# RAW DATA

*** Block opens ***

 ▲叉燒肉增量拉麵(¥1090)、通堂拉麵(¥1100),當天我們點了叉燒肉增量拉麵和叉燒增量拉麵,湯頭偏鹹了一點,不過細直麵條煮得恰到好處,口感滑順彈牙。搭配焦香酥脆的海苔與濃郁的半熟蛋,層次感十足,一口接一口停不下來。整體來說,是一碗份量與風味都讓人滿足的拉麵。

*** Block closes ***
*** Block opens ***

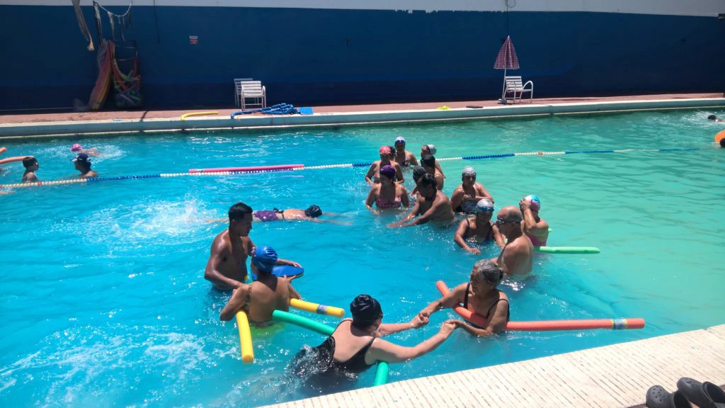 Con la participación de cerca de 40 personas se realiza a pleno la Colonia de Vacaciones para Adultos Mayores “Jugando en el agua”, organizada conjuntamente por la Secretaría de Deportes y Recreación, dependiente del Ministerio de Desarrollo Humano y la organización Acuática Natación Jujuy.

*** Block closes ***
*** Block opens ***

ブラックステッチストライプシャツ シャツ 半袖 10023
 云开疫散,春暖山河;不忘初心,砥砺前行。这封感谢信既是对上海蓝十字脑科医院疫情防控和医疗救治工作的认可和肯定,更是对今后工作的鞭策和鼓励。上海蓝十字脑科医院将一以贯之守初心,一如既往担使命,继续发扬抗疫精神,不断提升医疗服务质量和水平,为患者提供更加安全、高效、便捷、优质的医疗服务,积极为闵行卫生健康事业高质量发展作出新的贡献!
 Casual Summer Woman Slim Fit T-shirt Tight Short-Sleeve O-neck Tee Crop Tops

*** Block closes ***

# HOW TO COMPLETE THIS TASK
Reproduce the entries above exactly, but only the lines between the line holding "ブラックステッチストライプシャツ シャツ 半袖 10023" and the line holding "Casual Summer Woman", inclusive.

# EXPECTED ANSWER
ブラックステッチストライプシャツ シャツ 半袖 10023
 云开疫散,春暖山河;不忘初心,砥砺前行。这封感谢信既是对上海蓝十字脑科医院疫情防控和医疗救治工作的认可和肯定,更是对今后工作的鞭策和鼓励。上海蓝十字脑科医院将一以贯之守初心,一如既往担使命,继续发扬抗疫精神,不断提升医疗服务质量和水平,为患者提供更加安全、高效、便捷、优质的医疗服务,积极为闵行卫生健康事业高质量发展作出新的贡献!
 Casual Summer Woman Slim Fit T-shirt Tight Short-Sleeve O-neck Tee Crop Tops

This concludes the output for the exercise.